:: EXERCISE DETAILS ::
Begin with the line below holding "dreams won’t come" and go on through the line holding "Schönes Brown Pferd", duplicating each line exactly and leaving out pictures.
%%
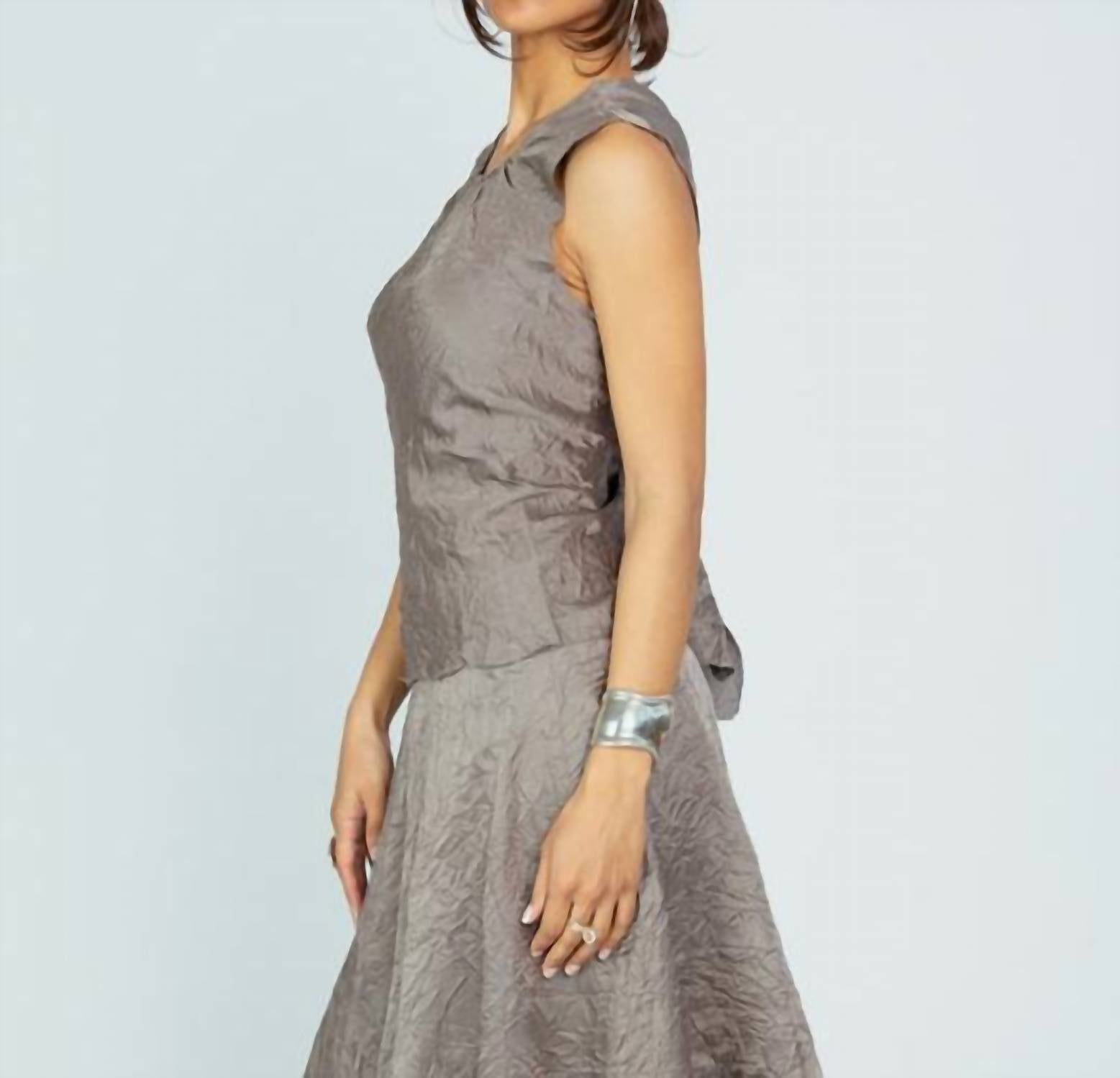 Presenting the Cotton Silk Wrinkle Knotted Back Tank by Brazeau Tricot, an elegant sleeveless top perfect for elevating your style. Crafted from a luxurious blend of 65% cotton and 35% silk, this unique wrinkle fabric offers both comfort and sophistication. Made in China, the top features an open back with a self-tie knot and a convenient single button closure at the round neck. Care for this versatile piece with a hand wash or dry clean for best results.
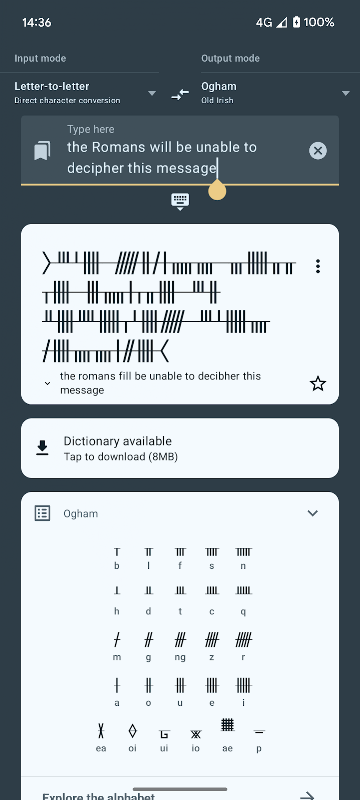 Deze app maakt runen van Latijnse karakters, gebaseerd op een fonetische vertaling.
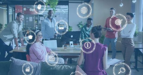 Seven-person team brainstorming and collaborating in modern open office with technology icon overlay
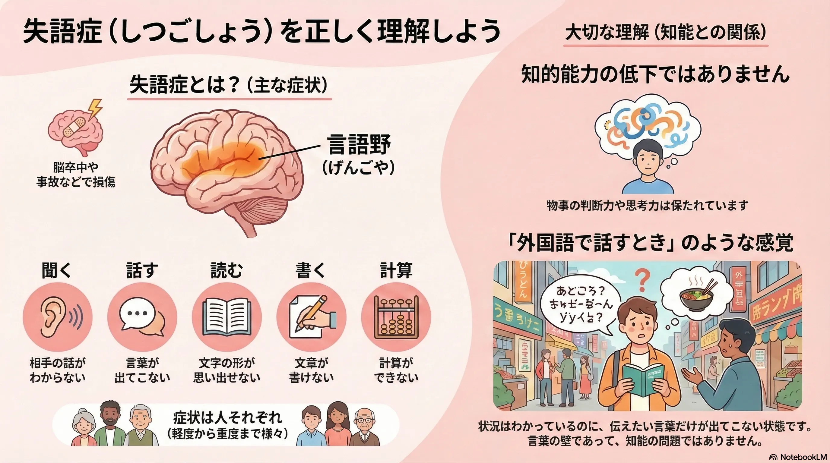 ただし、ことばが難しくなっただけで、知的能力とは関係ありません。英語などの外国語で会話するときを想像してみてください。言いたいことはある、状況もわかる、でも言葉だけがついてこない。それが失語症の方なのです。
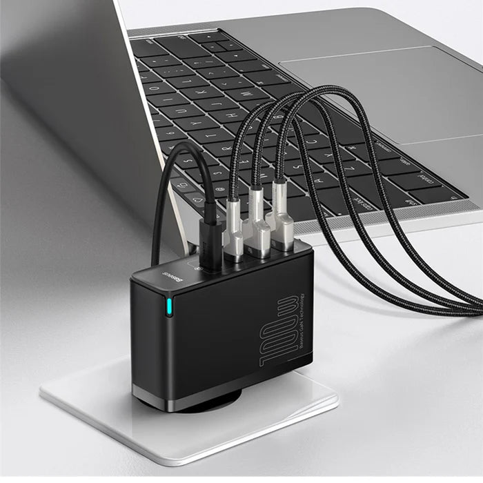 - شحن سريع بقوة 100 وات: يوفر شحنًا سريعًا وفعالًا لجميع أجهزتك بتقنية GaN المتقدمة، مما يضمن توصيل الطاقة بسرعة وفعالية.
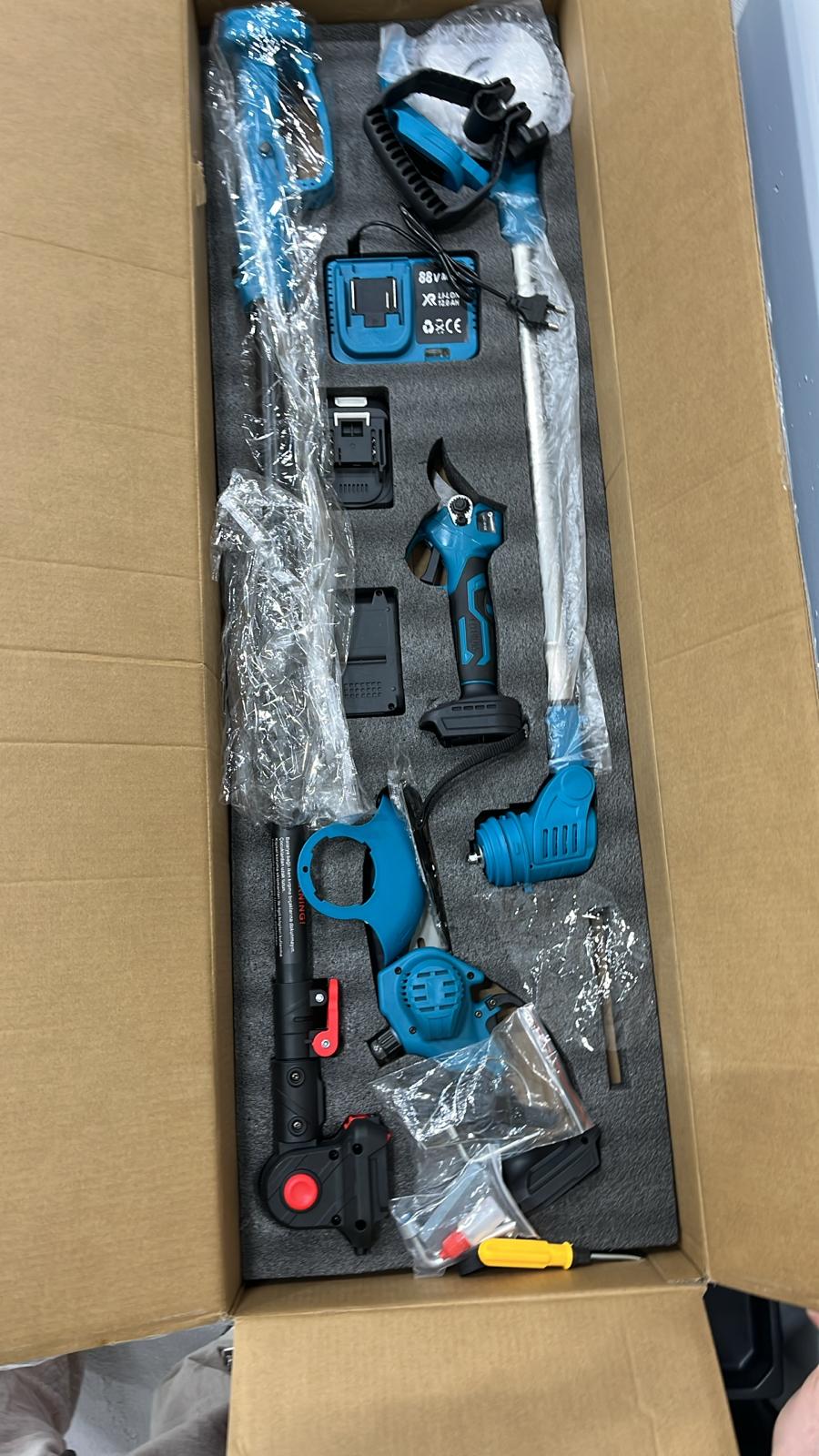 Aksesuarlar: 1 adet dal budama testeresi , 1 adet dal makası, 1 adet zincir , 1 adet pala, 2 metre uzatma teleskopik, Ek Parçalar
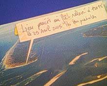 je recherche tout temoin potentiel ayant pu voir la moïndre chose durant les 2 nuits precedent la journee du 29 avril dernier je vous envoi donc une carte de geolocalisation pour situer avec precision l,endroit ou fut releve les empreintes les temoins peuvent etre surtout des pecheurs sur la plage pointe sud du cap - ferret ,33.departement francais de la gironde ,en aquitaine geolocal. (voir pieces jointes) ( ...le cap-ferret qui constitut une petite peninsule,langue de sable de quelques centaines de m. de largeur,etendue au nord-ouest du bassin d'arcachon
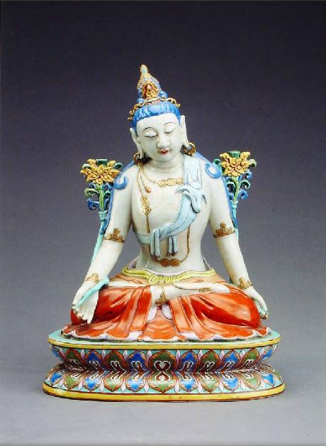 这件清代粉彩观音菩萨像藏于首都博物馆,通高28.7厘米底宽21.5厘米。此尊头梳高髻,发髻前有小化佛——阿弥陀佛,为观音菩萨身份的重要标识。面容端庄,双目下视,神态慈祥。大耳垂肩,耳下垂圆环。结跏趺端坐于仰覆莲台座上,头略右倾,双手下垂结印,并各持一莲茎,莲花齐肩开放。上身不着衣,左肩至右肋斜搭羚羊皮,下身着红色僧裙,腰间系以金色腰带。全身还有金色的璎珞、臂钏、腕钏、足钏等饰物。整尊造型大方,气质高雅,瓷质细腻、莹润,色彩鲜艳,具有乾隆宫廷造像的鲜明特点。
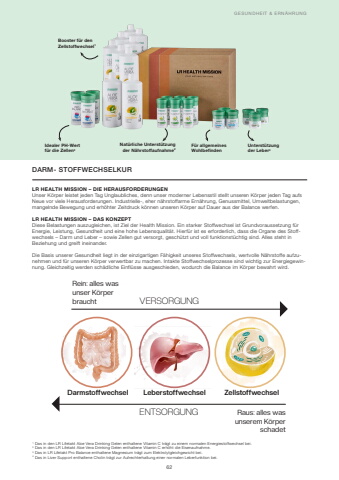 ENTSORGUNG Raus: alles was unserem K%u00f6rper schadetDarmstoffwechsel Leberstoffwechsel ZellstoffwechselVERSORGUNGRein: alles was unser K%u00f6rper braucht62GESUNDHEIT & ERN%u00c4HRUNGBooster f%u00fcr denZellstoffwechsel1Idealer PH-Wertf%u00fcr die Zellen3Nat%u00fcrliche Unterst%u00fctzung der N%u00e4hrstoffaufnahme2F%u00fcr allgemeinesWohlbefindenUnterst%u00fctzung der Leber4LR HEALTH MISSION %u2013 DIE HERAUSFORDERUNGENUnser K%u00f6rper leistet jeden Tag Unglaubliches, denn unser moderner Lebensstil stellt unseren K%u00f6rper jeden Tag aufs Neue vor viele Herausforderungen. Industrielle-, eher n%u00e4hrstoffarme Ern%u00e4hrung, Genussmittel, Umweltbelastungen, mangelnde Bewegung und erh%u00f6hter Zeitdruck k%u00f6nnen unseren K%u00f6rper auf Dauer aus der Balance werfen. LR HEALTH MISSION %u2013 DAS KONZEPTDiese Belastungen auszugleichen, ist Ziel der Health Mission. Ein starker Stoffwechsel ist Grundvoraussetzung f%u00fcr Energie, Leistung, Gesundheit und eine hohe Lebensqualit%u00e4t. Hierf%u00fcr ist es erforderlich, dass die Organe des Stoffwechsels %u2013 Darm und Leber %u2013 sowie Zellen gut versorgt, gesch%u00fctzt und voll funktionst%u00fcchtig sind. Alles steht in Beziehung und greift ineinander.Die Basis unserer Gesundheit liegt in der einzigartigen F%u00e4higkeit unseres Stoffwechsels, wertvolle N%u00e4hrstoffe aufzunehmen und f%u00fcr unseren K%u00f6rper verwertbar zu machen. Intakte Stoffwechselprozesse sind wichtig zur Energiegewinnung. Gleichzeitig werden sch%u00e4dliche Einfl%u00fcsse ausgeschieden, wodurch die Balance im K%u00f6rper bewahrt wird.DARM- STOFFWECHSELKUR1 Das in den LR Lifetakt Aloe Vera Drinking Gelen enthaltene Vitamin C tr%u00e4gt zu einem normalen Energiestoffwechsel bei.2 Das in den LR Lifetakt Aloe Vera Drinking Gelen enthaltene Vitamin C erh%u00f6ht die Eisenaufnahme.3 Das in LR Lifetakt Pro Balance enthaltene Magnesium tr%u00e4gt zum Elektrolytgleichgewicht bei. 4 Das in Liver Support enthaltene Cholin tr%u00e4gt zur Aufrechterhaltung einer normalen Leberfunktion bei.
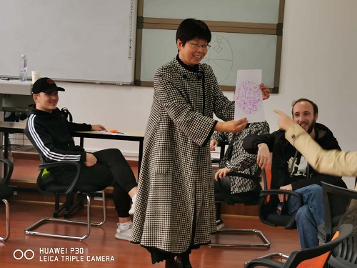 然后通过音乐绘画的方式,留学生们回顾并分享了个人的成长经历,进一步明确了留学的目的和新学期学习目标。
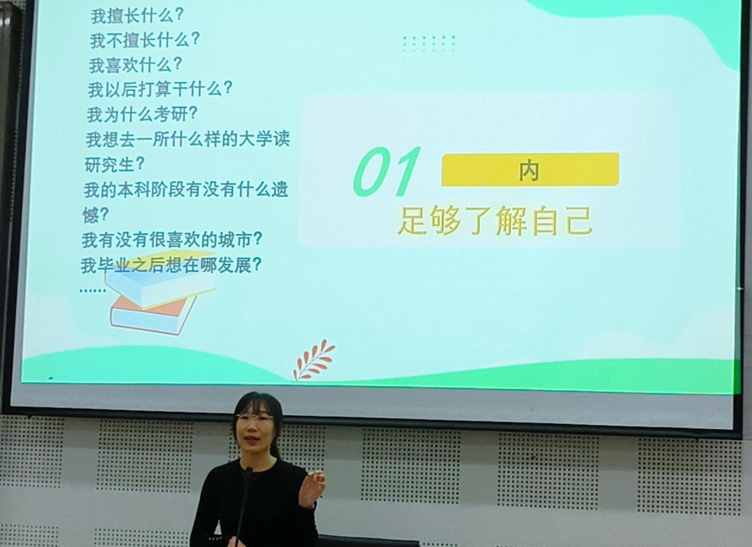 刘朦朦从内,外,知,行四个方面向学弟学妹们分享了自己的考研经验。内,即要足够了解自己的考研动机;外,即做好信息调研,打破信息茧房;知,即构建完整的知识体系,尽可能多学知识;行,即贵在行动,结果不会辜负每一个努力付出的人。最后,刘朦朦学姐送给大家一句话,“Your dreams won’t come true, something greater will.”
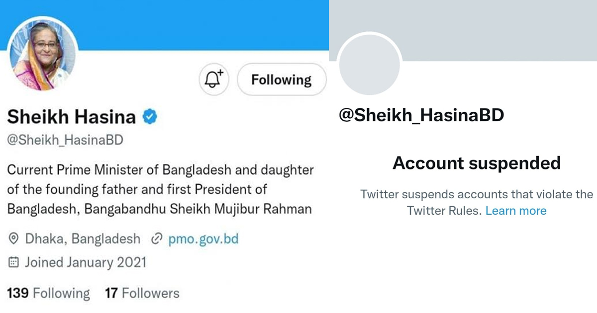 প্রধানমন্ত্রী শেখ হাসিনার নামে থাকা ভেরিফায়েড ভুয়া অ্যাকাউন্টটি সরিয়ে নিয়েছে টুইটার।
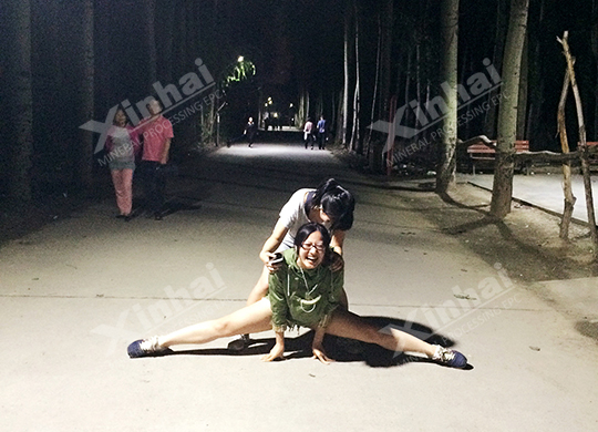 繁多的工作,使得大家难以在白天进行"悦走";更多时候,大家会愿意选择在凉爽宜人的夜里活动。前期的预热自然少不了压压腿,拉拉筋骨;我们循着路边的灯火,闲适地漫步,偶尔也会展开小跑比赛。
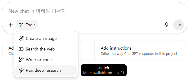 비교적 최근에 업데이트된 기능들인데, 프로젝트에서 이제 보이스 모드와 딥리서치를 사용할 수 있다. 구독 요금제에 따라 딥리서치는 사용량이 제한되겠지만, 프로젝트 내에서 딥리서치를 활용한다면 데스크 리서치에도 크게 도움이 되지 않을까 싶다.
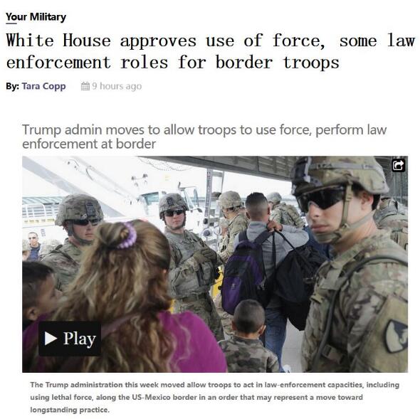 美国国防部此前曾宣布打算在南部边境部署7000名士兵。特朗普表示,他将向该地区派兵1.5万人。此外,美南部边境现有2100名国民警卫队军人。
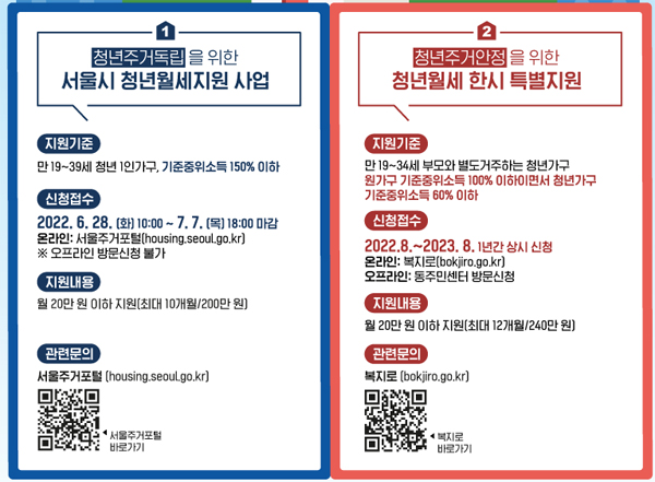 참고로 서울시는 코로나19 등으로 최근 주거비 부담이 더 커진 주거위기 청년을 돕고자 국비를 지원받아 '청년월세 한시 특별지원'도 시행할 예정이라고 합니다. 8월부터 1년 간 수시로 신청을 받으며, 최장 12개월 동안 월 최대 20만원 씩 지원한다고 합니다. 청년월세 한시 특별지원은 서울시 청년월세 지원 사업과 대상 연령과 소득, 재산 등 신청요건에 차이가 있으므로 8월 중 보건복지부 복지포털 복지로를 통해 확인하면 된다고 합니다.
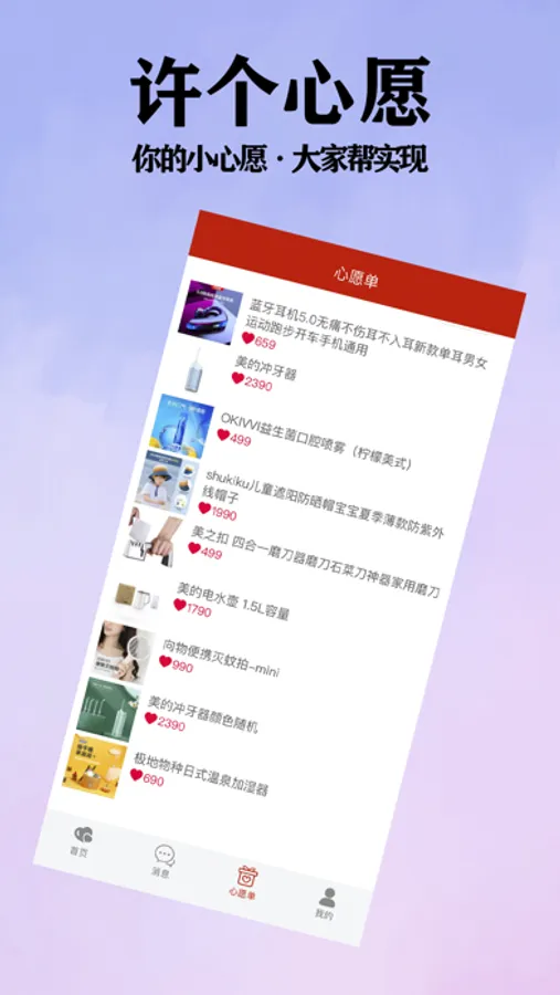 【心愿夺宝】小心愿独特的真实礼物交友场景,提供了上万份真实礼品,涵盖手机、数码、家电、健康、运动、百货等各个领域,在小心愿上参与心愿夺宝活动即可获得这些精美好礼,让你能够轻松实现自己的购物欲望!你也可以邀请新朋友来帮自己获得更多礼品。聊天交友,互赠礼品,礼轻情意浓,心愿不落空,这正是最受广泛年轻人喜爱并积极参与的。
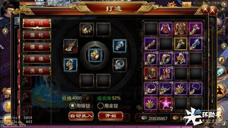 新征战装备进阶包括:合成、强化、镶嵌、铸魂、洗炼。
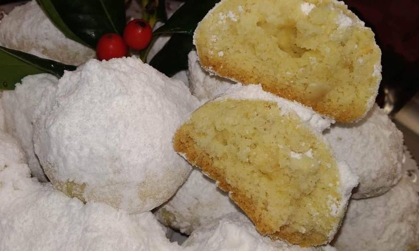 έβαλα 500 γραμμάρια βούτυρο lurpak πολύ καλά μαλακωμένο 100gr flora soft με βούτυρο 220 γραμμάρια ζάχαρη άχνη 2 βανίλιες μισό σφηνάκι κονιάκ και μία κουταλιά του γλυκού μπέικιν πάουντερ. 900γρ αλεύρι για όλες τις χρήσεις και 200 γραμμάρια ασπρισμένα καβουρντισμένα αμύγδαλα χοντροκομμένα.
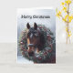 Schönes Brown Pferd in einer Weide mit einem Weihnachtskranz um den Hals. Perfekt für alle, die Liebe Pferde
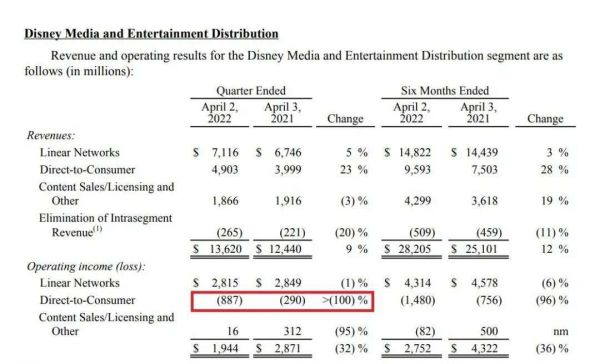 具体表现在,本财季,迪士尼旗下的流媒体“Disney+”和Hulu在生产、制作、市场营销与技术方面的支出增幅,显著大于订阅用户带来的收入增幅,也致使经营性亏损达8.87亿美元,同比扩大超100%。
%%
:: YOUR RESPONSE ::
 刘朦朦从内,外,知,行四个方面向学弟学妹们分享了自己的考研经验。内,即要足够了解自己的考研动机;外,即做好信息调研,打破信息茧房;知,即构建完整的知识体系,尽可能多学知识;行,即贵在行动,结果不会辜负每一个努力付出的人。最后,刘朦朦学姐送给大家一句话,“Your dreams won’t come true, something greater will.”
 প্রধানমন্ত্রী শেখ হাসিনার নামে থাকা ভেরিফায়েড ভুয়া অ্যাকাউন্টটি সরিয়ে নিয়েছে টুইটার।
 繁多的工作,使得大家难以在白天进行"悦走";更多时候,大家会愿意选择在凉爽宜人的夜里活动。前期的预热自然少不了压压腿,拉拉筋骨;我们循着路边的灯火,闲适地漫步,偶尔也会展开小跑比赛。
 비교적 최근에 업데이트된 기능들인데, 프로젝트에서 이제 보이스 모드와 딥리서치를 사용할 수 있다. 구독 요금제에 따라 딥리서치는 사용량이 제한되겠지만, 프로젝트 내에서 딥리서치를 활용한다면 데스크 리서치에도 크게 도움이 되지 않을까 싶다.
 美国国防部此前曾宣布打算在南部边境部署7000名士兵。特朗普表示,他将向该地区派兵1.5万人。此外,美南部边境现有2100名国民警卫队军人。
 참고로 서울시는 코로나19 등으로 최근 주거비 부담이 더 커진 주거위기 청년을 돕고자 국비를 지원받아 '청년월세 한시 특별지원'도 시행할 예정이라고 합니다. 8월부터 1년 간 수시로 신청을 받으며, 최장 12개월 동안 월 최대 20만원 씩 지원한다고 합니다. 청년월세 한시 특별지원은 서울시 청년월세 지원 사업과 대상 연령과 소득, 재산 등 신청요건에 차이가 있으므로 8월 중 보건복지부 복지포털 복지로를 통해 확인하면 된다고 합니다.
 【心愿夺宝】小心愿独特的真实礼物交友场景,提供了上万份真实礼品,涵盖手机、数码、家电、健康、运动、百货等各个领域,在小心愿上参与心愿夺宝活动即可获得这些精美好礼,让你能够轻松实现自己的购物欲望!你也可以邀请新朋友来帮自己获得更多礼品。聊天交友,互赠礼品,礼轻情意浓,心愿不落空,这正是最受广泛年轻人喜爱并积极参与的。
 新征战装备进阶包括:合成、强化、镶嵌、铸魂、洗炼。
 έβαλα 500 γραμμάρια βούτυρο lurpak πολύ καλά μαλακωμένο 100gr flora soft με βούτυρο 220 γραμμάρια ζάχαρη άχνη 2 βανίλιες μισό σφηνάκι κονιάκ και μία κουταλιά του γλυκού μπέικιν πάουντερ. 900γρ αλεύρι για όλες τις χρήσεις και 200 γραμμάρια ασπρισμένα καβουρντισμένα αμύγδαλα χοντροκομμένα.
 Schönes Brown Pferd in einer Weide mit einem Weihnachtskranz um den Hals. Perfekt für alle, die Liebe Pferde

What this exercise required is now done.